Institutional implications
In the final pages of the book, Tripković attempts to apply this general theory of value to the practice of ethical reasoning in the judicial setting. He claims ‘constitutional ethics may emulate’ this ‘moral point of view by departing from contingent emotive intuitions and developing them through reflection, in order to gain confidence and further advance the underlying constitutional identity’ (p. 192). A judge in a constitutional setting, although he cannot relinquish his own identity, ought to decide, in principle, in the name of the people.
If the theoretical endeavour of the book is highly innovative, it is less clear whether the implications for the institutional practice of moral reasoning in courts are genuinely innovative or disruptive.
Tripković’s account of the modalities of judicial review is ultimately somewhat generic. Generally, judges should defer and be ‘cautious in deciding against public opinion’, though they may overrule public opinion ‘when public emotions are insufficiently reflective and diverge from the profound moral values embedded in constitutional identity’ (p. 194). ‘The theory accommodates and vindicates democratic sensibilities but simultaneously accounts for the intuition that the majority ought not to prevail all the time’. In light of the dialectic between confidence and reflection, judicial review may be understood as legitimate to the extent courts operate as ‘guardians of reflectiveness’ (p. 194). The author proclaims ‘democratic sensibilities’ but recognises simultaneously that the democratic process may fail ‘to be representative and reflective’, and thereby vindicates ‘the intuition that the majority ought not to prevail all the time’ (p. 195, with reference to John Hart Ely). Whereas arguments from constitutional identity can justify the peculiar choices of particular communities at times – even in the face of a diverging global consensus – ‘[m]ost constitutional dilemmas cannot … be resolved by a straightforward inference from constitutional identity’ (p. 200). Whereas a confrontation with other legal systems on the central questions of constitutionalism ‘does not entail that there are right answers to these questions, a comparison can be useful’ (p. 205). One would be hard-pressed to find a constitutional lawyer who is startled by these suggestions.

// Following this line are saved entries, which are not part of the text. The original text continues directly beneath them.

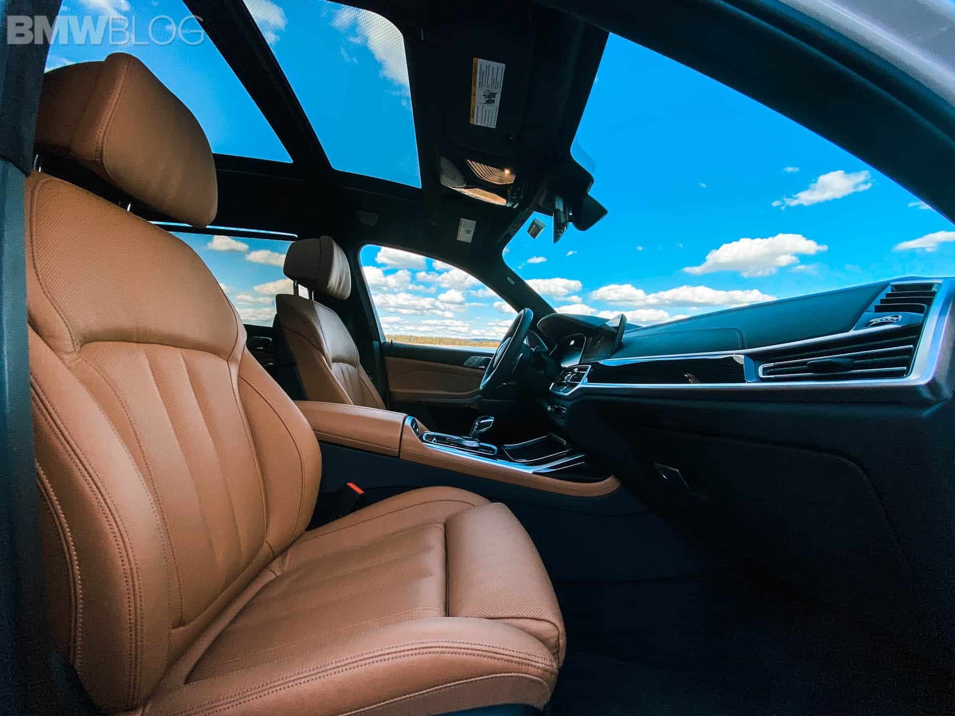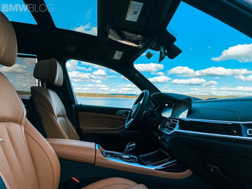 While I personally get excited about the driving experience, my family was more impressed by the refined and luxurious interior of the X7. It had the soft and perforated Vernasca leather in cognac with perfect double stitching. There was also the Glass Application Package which brings some beautiful crystals around the gear shifter and iDrive knob. The dashboard was also dressed up in leather with some beautiful contrasting wood. But the icing on the cake for them was the large Panoramic Sky Lounge LED MoonRoof which spans front to back, and makes for a serene interior, night and day.
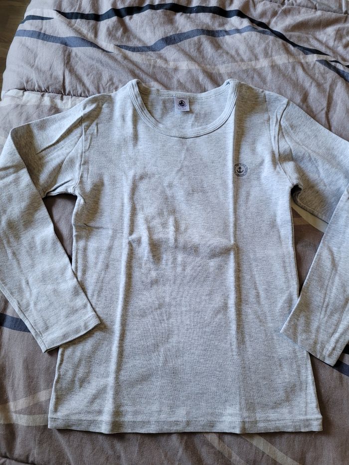 maillot de corps petit bateau 12ans manches longues gris en bon état (3e)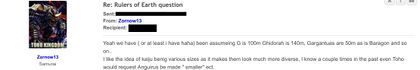 - ↑ Many sources do not make any distinction between the first and second generation Baragon, and list them both as being 25 meters tall.
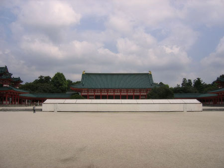 Fuimos al Heian Jingu (平安神宮 ), pasamos por la gran puerta y fuimos directos a templo, realmente solo le falta el estadio para ser el torneo de artes marciales de Dragon Ball xD.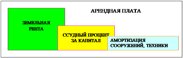 Земельная рента выплачивается в виде арендной платы. Однако рента и арендная плата различаются тем, что арендная плата может включать в себя и другие платежи: ссудный процент за капитал, амортизационные отчисления и т.п. (рис. 11.3). Рисунок показывает, что земельная рента, вместе с тем, является основной частью арендной платы.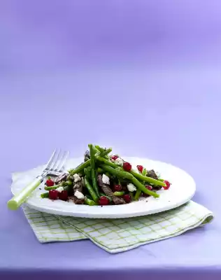 Crumble cheese. Mix beans, currants, cheese and meat and arrange on plates.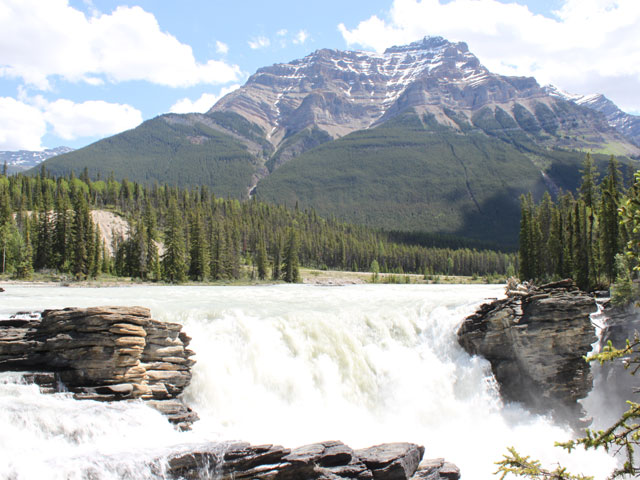 アサバスカ滝は、アサバスカ川とサンワプタ川が合流し、さらに水量を増やしたところにある滝です。川の勢いが削った岩壁の間を通る水は、激しい勢いで流れていきます。滝周辺にはトレイルがあり、様々な角度から滝を見ることができます。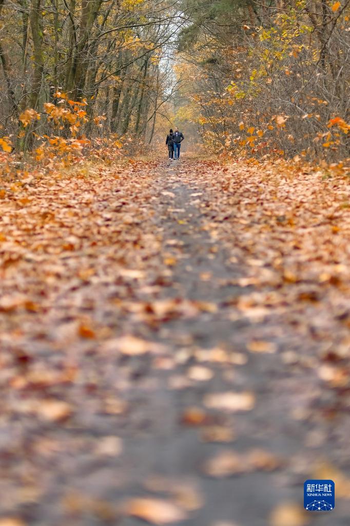 11月19日,游客在比利时林堡省的博斯兰自然保护区散步。

Because of his peculiar take on the nature of value, the author’s treatment of the question of disagreement is perhaps more interesting. Disagreement in general is often a problematic theme in legal theory, to the extent that it can suggest a threat to judicial legitimacy.Footnote 5 The author’s disenchanted attitude leads him to a frank recognition of the problem of moral disagreement in the setting of constitutional reasoning. By the author’s own admission, ‘[a]ny mind-dependent conception of value must presuppose a certain amount of agreement, and could thus dissolve in the face of disagreement’ (p. 188). The theory must, therefore, presuppose agreement – an assumption thought plausible in light of ‘the shared circumstances of life that lead to a significant overlap between different moral codes’. These shared circumstances can also ‘suppl[y] the framework in which disagreement can be resolved and managed’, if necessary by resorting to the persuasion of others (p. 188). But what if these shared circumstances leave unspecified the answer to the most pressing constitutional problems of the day?
In the face of such a formidable challenge, Tripković reveals himself to be an incorrigible optimist.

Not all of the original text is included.